Плеть не скучала. Мужики, громыхая лейками, останавливались у колонны, где был привязан банный вор, и, отставив в сторону на минуту мочала, прикладывались кнутом к мосластому телу воришки, вспоминая свои прежние неприятные банные приключения.
Иной раз в зал заглядывал Охабень. Угрюмо посмотрев на вора, он с лаской обращался к посетителям:
— Не извольте беспокоиться, господа. Все ваши вещички будут в целости. Мы тут и без полиции разберемся. А кто на банных воров зло имеет, так милости просим, кнут к вашим услугам.
Лицо Еникея не потеряло плутоватости даже с возрастом. Глядя на разбойный прищур хозяина баньки, его легко можно было представить у деревянной колонны со связанными за спиной руками.

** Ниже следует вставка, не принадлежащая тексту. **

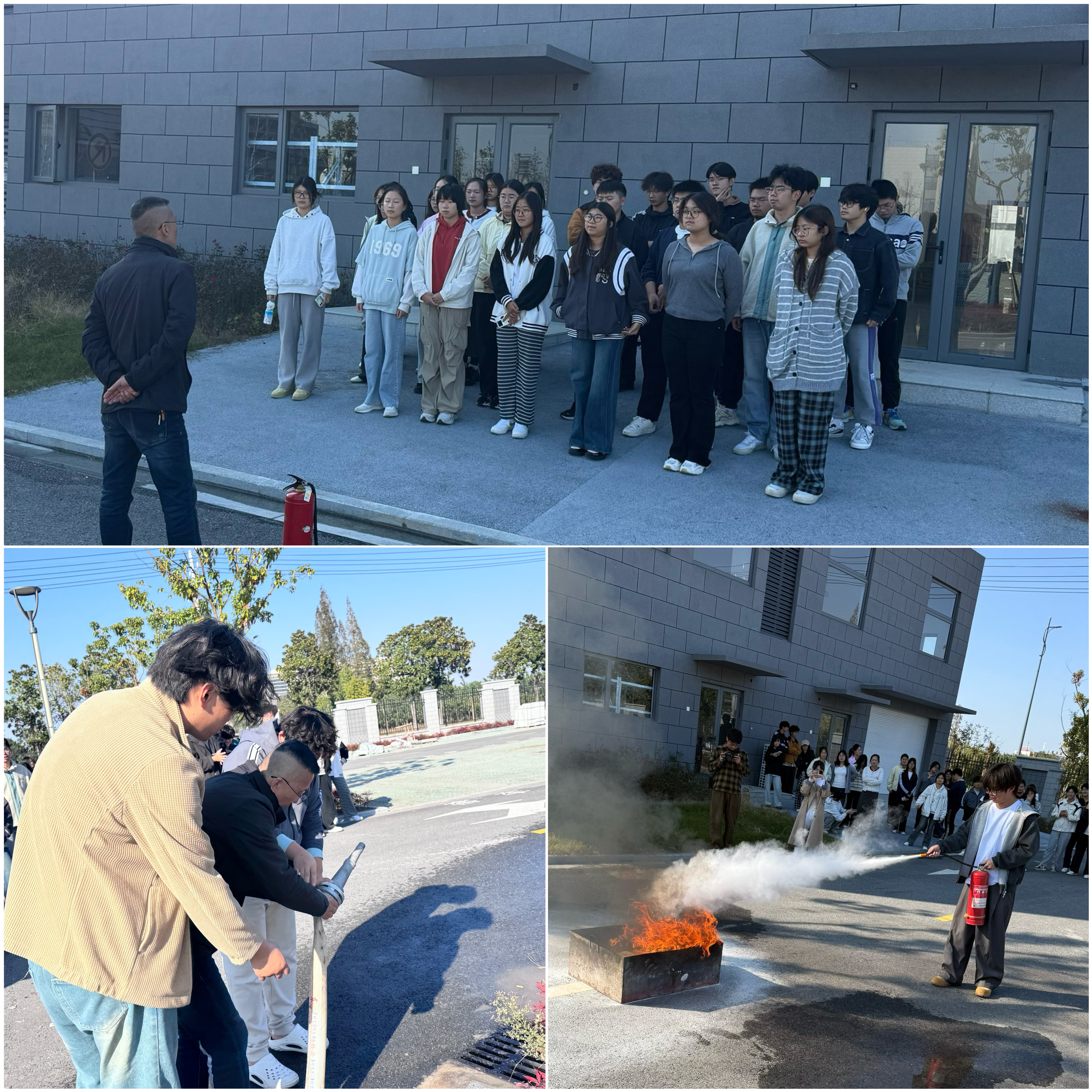 邮票宣传是一次理论知识的“静默灌输”,实地演练则成了同学们技能掌握的“动态检验”。11月5日下午,学院联合学校保卫处共同开展了消防安全知识培训与实战演练活动。校保卫处人员从火灾的危害性、正确的火场疏散逃生方法以及如何扑救初期火灾等方面给学生进行了培训,并捐醒大家遇到火灾时要第一时间拨打119报警。在保卫处人员指导下,同学们纷纷上阵,亲身体验了“灭火器模拟灭火”和“消火栓连接水枪”项目。面对现场火焰,同学们沉着冷静,按照操作步骤,成功完成扑救;在连接消防水带的练习中,大家协同合作,动作从生疏到熟练,真切地感受到了与火情赛跑的紧张感。这种“沉浸式”的体验让同学们掌握了扑救初期火灾和基本逃生的实战技能。想到很多2025级新同学无法到现场观摩演练,陈柏廷等同学全程拍摄了现场演练过程,并制作成短视频在全院学生中进行传播。参与演练的同学还将消防安全知识点、实际操作体会以及观摩感想讲给身边的同学听。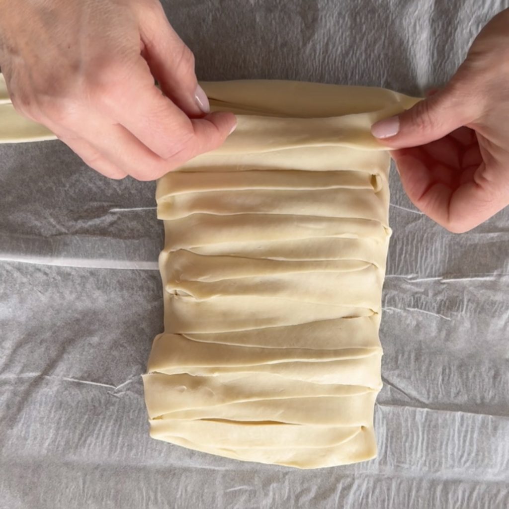 Sur les côtés de la pâte feuilletée, faites des incisions à l’aide d’un couteau bien aiguisé sur les deux côtés, créez des bandes de 1 cm, en évitant de couper la partie centrale où se trouve la garniture.

Григорий Васильевич распахнул дверь. В лицо ударил тяжелый пар с едким запахом мыла и стираных вещей. Голые мужики с понурым видом осмотрели вошедшего, совсем не подозревая о том, что в дворянской бане изъявил желание попариться главный московский сыщик.
Создавалось впечатление, что он оказался в эпицентре ада — вокруг клубился пар, раздавался треск камней, откуда-то сверху слышались приглушенные разговоры, как будто прилетевшие ангелы решили посмотреть на муки грешников.
Когда глаза попривыкли к влажному пару, Аристов разглядел четверых мужчин. Самые обыкновенные физиономии. Даже при очень богатом воображении невозможно было представить за их ссутулившимися плечами парочку-другую крыльев. А то, что он принял сначала за шуршание хитона, было не что иное, как шипение кипящей воды.
Над потолком цветастыми облаками было развешано белье, что свидетельствовало о том, что даже чертям не чужда чистая одежда.
Один из падших ангелов обругался матерно и щедро плеснул на каменку ковш воды. Печная галька недовольно и мелко затрещала, обдав помещение густым паром.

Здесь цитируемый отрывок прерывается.